I'll mainly focus on OCLC which I'll quote a bit from the about section;
"Founded in 1967, OCLC Online Computer Library Center is a nonprofit, membership, computer library service and research organization dedicated to the public purposes of furthering access to the world's information and reducing the rate of rise of library costs. More than 69,000 libraries in 112 countries and territories around the world use OCLC services to locate, acquire, catalog, lend and preserve library materials." (my emphasis)
OCLC is one of the most important players in the library world today. Forget puny Library of Congress, or any of the many national libraries. If OCLC says we're gonna burn censored books at the stake, most libraries will follow (and for non-librarians, the translation of that statement is roughly that if Republicans say that you should vote for them because Palin is a female, you all go and do so). They're powerful, and people around the world listen to them very carefully. But there's a snag.

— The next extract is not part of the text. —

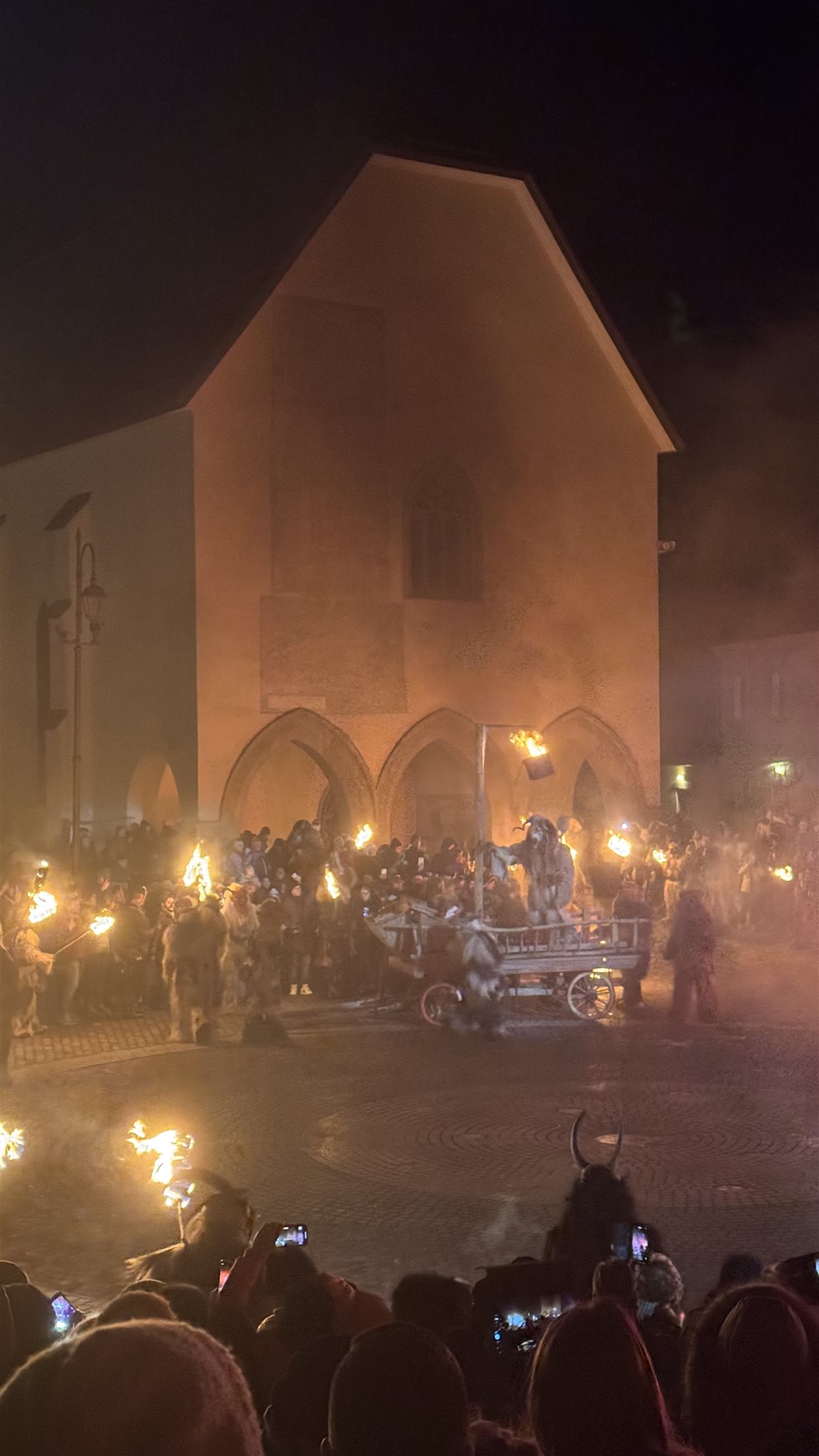 Il corteo principale parte da Via Roma e si conclude in Piazza Unità, dove San Nicolò distribuisce i tradizionali Krampus di pane ai bambini buoni. I Krampus, invece, rincorrono i più coraggiosi tra il pubblico, creando un’atmosfera di caos controllato, tra urla e risate.

Libraries around the world pay good money to be members of OCLC. Basically, the business model of the most influencial (and dare I say most powerful) library organisation in the world is one totally disjointed from the normal governmentally funded library model. The implications here are huge; where taxpayers probably would be better off with having all the meta data freed for all to use (that's what you pay for, right? And that would enable innovation, right?), OCLC must keep them locked down in order to stay alive.

Ok, maybe I'm being overly pessimistic, as indeed OCLC are slowly opening up their meta data repositories, but it's going soooo sloooow! It was argued before I entered the library world, it was argued during it, and has been argued ever since. All the while we're waiting, more opportunities are being missed. And I'm not saying this lightly. Why do you think Google made their book API available? Fed up waiting for the library world to do it, that's why. And when they do it, consider it a lost battle no matter the quality of the meta data; Google has more data and seriously wicked hackers than the whole library world combined could ever dream of, and they play it open, and they play it with as much dedication and passion as librarians themselves, and they will kick your arse at your own game.

What other opportunities are we missing out on while we sit here and talk about the fact that we've got problems?

 [note : Funny to see how things went with the OCLC debacle after this post was originally written.]